Configuring OpenVPN Access Server with Cyberark/Idaptive MFA

Post by dmutua » Thu Jun 09, 2022 9:16 pm

We had configured Cisco Meraki Client VPN with Cyberark/idaptive MFA . We are now switching from Cisco Meraki Client VPN to Access Server and we want to configure OpenVPN with Cyberark/Idaptive MFA . Has anyone tried this before that could possibly point me in the right direction?

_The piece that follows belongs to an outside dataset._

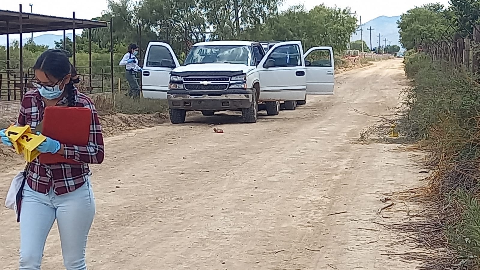 Este día se registró un gran operativo policíaco por elementos de la policía Municipal, Estatal y Ministerial así como la Guardia Nacional al momento de efectuar recorridos por la carretera a Ciudad Juárez y en el kilómetro 148 en el denominado Jaguey en un terreno de terracería se percataron de dos unidades con las puertas abiertas las cuales se encontraban a un costado de unas nogaleras.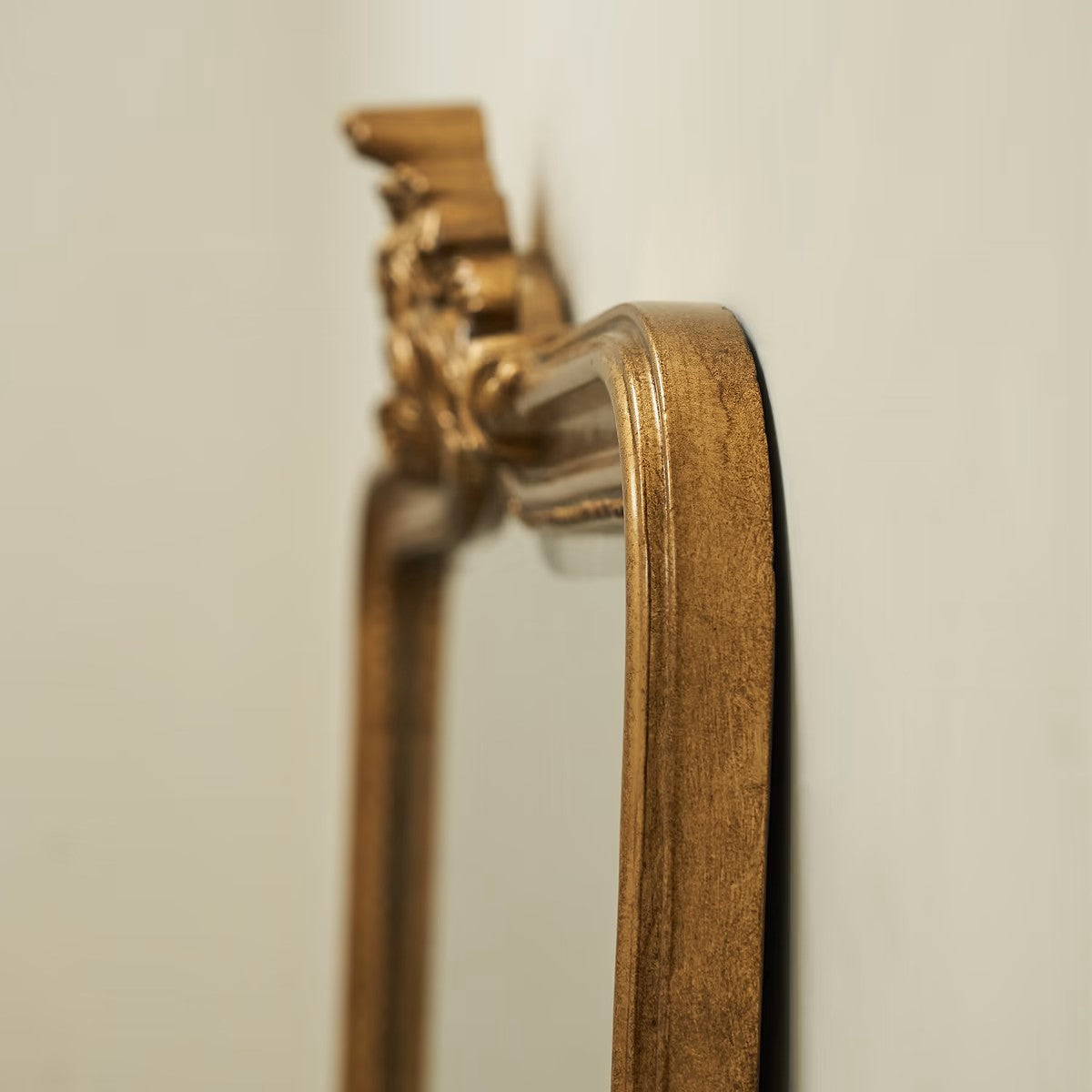 Vintažinio stiliaus, masyvus, netaisyklingos arkos formos veidrodis su papuošimais. Auksiniai medinio rėmo krašteliai padės sukurti modernų ir paprastumu alsuojantį įvaizdį. Tvirtinasi prie sienos arba statosi.

I cannot seem to find any documentation about integrating the two.

User avatar
openvpn_inc
OpenVPN Inc.
Posts: 1333
Joined: Tue Feb 16, 2021 10:41 am

Re: Configuring OpenVPN Access Server with Cyberark/Idaptive MFA

Post by openvpn_inc » Fri Jun 10, 2022 6:06 am

Hello dmutua,

I have not dealt with that particular MFA solution myself yet, and I am pretty sure we do not have documentation for integration with that either. However, MFA being what it is, there are only so many solutions for it. And one of them is called TOTP, or Time-based One Time Password. This is used by several major identity and credential management systems, such as for example Google with their Google Authenticator app, or Azure and Microsoft 365 with their Microsoft Authenticator app. It's a standard that a lot of systems adhere to, including Access Server. In Access Server you can enable TOTP MFA in the authentication settings page (previously referred to as Google Authenticator MFA). Once this is enabled you are expected to enroll a user on the Access Server web interface and put the secret on a device or program that generates TOTP codes. Logging in afterwards will require a TOTP MFA code.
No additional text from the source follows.